WHAT TO WORK ON: Transcribe exactly the lines below that begin at the line with "2021年8月22日(日)、18時半~20時 「リストランテ 野呂」261回目。" and stop after the line with "샤* cc 스니커즈 프린티드 카프스킨 화이트 블랙", leaving out every picture.

MATERIAL SHOWN:

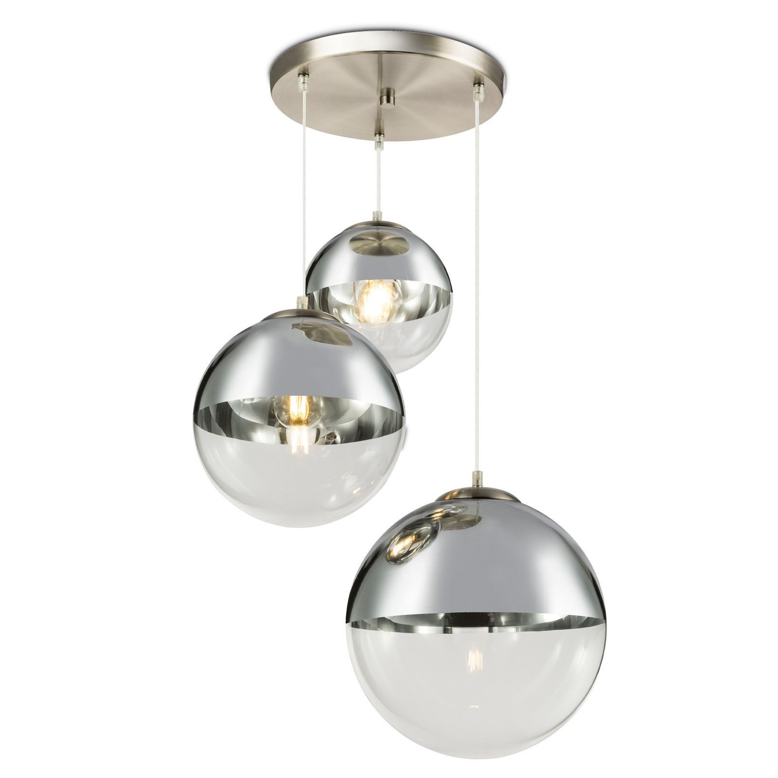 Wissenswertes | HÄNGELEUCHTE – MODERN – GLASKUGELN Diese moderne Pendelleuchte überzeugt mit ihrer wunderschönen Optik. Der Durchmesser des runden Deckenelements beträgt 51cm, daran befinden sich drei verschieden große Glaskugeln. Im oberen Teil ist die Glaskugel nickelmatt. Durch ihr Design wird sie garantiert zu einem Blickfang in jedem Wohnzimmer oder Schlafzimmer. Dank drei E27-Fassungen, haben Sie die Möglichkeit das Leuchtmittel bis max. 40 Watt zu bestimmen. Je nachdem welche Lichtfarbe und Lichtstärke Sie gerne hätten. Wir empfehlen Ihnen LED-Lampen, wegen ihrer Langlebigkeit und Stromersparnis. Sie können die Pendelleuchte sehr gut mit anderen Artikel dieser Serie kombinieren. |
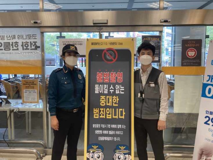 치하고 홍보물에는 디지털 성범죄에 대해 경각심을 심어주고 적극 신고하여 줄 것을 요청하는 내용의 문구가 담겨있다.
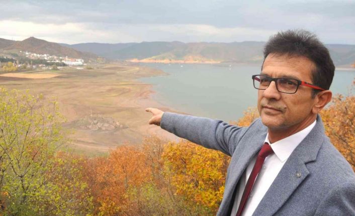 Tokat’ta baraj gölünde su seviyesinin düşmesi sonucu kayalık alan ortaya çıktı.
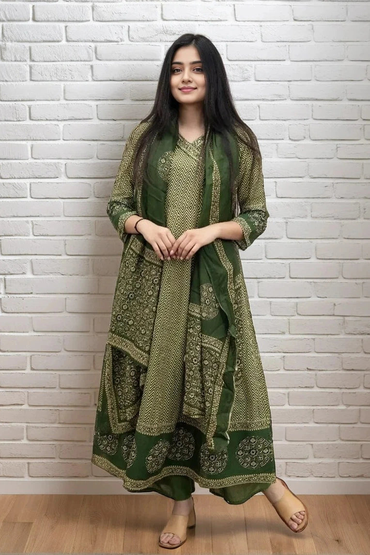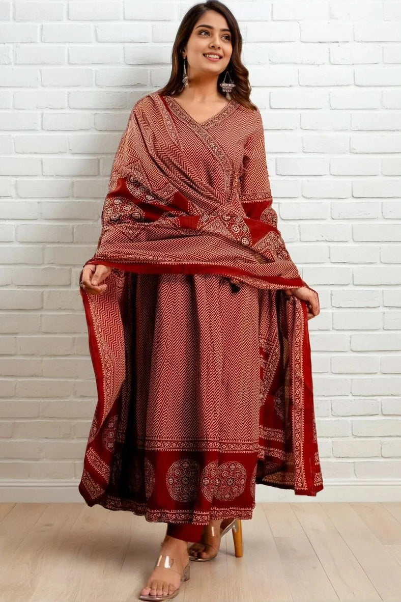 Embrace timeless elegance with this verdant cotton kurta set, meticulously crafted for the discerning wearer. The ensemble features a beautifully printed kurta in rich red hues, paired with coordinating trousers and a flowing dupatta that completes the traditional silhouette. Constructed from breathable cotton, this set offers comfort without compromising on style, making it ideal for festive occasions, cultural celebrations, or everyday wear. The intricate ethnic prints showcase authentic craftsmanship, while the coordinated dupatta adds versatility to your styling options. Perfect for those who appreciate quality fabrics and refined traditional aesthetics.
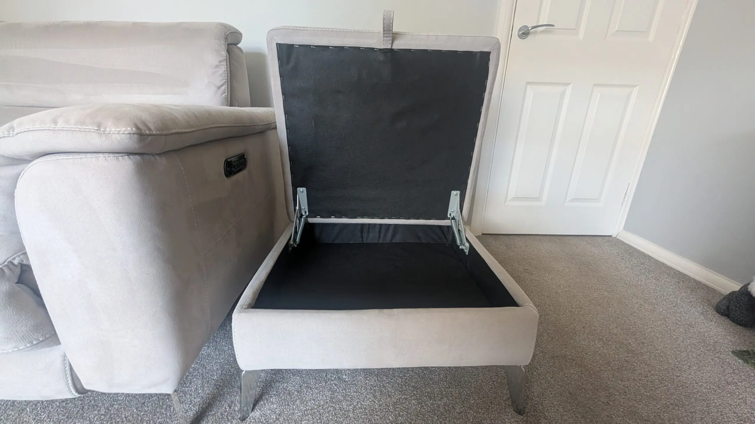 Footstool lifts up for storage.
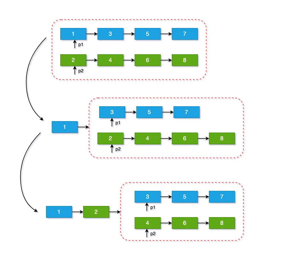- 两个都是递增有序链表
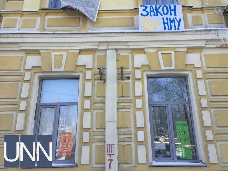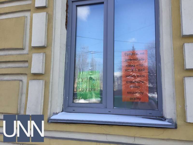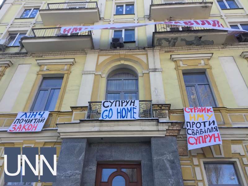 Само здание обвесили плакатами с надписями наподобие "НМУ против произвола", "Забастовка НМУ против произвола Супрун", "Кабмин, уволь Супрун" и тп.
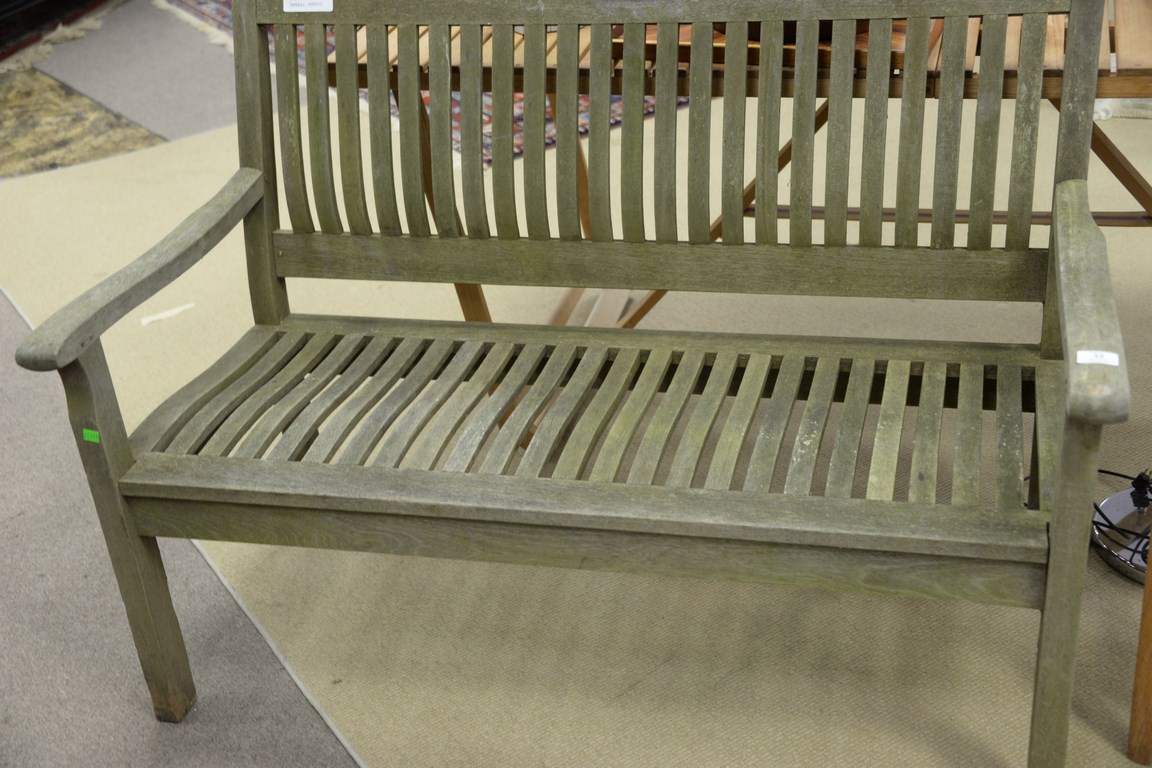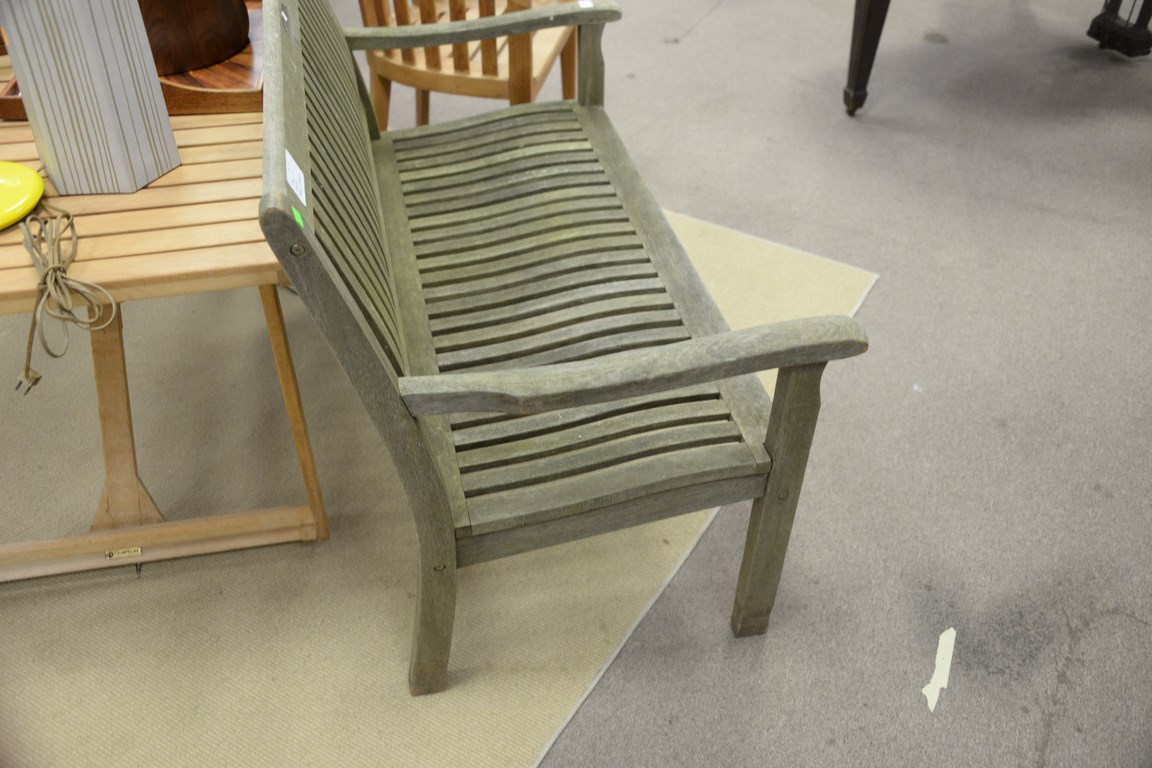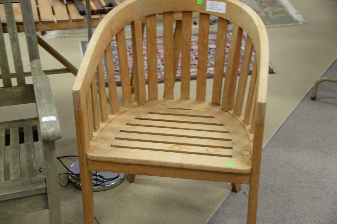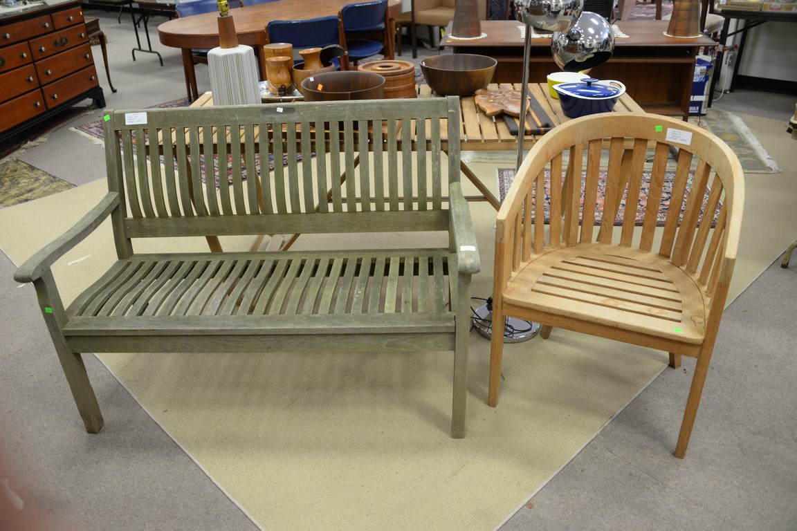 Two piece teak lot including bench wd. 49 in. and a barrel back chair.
--
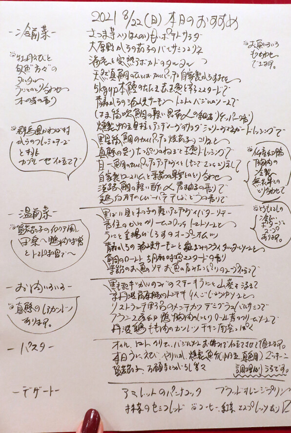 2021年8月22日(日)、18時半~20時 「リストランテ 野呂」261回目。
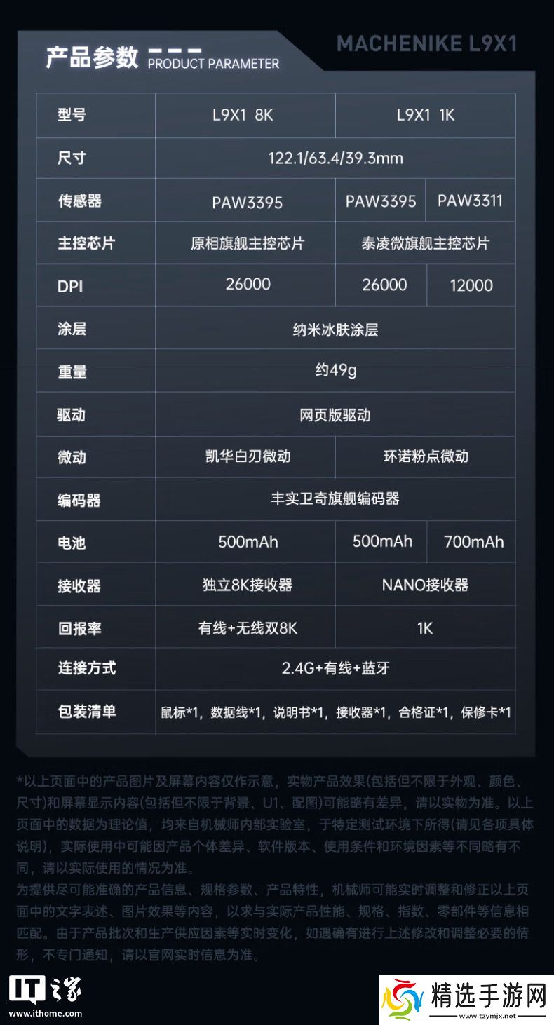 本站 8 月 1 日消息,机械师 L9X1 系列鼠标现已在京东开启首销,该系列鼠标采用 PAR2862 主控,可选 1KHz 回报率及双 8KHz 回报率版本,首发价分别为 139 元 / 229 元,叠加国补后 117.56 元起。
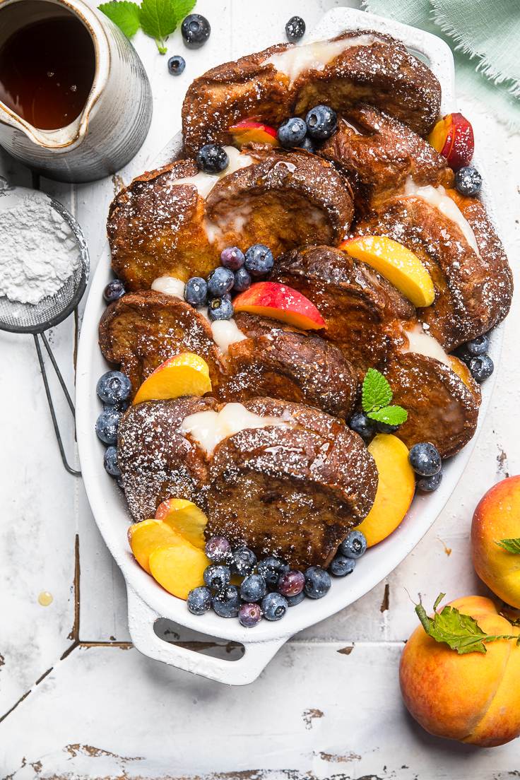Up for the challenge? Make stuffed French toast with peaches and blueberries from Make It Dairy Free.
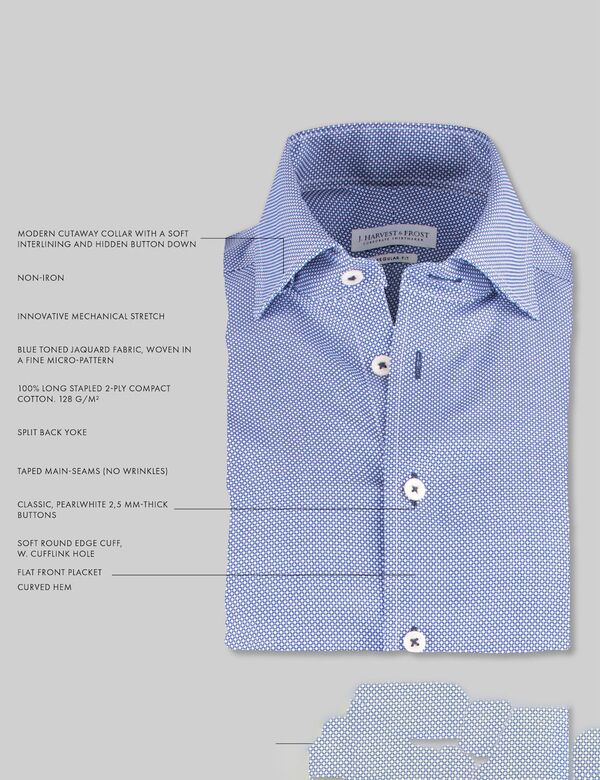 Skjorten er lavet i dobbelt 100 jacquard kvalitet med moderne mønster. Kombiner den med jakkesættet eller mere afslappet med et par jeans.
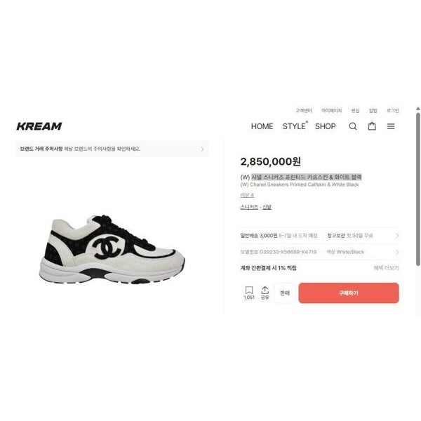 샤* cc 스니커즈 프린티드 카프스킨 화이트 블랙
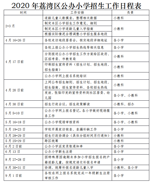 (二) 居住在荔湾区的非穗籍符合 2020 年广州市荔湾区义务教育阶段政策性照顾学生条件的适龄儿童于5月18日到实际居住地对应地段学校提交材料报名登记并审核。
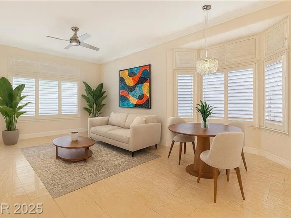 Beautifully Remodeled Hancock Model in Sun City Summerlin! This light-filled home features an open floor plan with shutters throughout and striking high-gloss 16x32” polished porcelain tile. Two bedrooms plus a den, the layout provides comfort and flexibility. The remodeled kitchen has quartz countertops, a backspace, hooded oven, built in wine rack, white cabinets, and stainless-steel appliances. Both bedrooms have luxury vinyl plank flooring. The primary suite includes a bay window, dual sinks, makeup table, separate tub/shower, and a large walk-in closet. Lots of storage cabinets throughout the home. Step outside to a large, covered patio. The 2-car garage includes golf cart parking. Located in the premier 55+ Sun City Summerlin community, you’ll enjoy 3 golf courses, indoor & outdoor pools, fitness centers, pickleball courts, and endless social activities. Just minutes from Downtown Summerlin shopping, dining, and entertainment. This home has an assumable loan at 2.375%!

WRITTEN REPLY:
 2021年8月22日(日)、18時半~20時 「リストランテ 野呂」261回目。
 本站 8 月 1 日消息,机械师 L9X1 系列鼠标现已在京东开启首销,该系列鼠标采用 PAR2862 主控,可选 1KHz 回报率及双 8KHz 回报率版本,首发价分别为 139 元 / 229 元,叠加国补后 117.56 元起。
Up for the challenge? Make stuffed French toast with peaches and blueberries from Make It Dairy Free.
 Skjorten er lavet i dobbelt 100 jacquard kvalitet med moderne mønster. Kombiner den med jakkesættet eller mere afslappet med et par jeans.
 샤* cc 스니커즈 프린티드 카프스킨 화이트 블랙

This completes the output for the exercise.